■ **PROVIDED RECORDS**:
--- --- ---
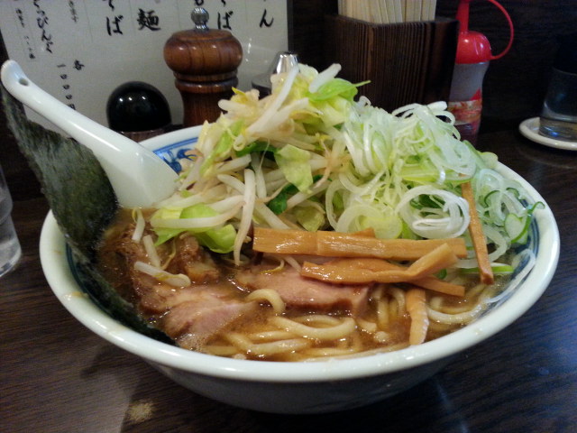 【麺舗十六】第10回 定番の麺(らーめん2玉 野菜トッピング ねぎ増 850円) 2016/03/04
--- --- ---
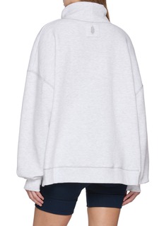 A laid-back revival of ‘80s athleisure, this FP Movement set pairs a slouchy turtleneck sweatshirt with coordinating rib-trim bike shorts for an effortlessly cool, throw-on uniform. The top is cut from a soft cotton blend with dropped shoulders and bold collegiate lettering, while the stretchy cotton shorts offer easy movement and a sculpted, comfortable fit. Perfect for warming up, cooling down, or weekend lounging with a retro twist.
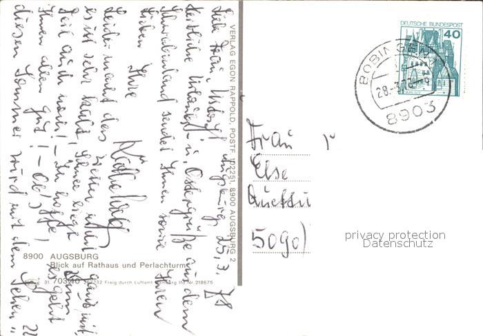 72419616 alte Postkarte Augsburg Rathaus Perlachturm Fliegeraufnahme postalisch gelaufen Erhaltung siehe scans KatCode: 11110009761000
--- --- ---
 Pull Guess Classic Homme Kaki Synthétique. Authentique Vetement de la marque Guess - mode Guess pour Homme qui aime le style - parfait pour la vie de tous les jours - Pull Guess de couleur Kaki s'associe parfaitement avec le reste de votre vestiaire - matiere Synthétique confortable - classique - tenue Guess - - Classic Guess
--- --- ---
■ **EXERCISE BRIEF**:
Exact copy, pictures excluded: from the line with "A laid-back revival" up to and including the line with "72419616 alte Postkarte" in the data above.

■ **FINISHED TASK**:
 A laid-back revival of ‘80s athleisure, this FP Movement set pairs a slouchy turtleneck sweatshirt with coordinating rib-trim bike shorts for an effortlessly cool, throw-on uniform. The top is cut from a soft cotton blend with dropped shoulders and bold collegiate lettering, while the stretchy cotton shorts offer easy movement and a sculpted, comfortable fit. Perfect for warming up, cooling down, or weekend lounging with a retro twist.
 72419616 alte Postkarte Augsburg Rathaus Perlachturm Fliegeraufnahme postalisch gelaufen Erhaltung siehe scans KatCode: 11110009761000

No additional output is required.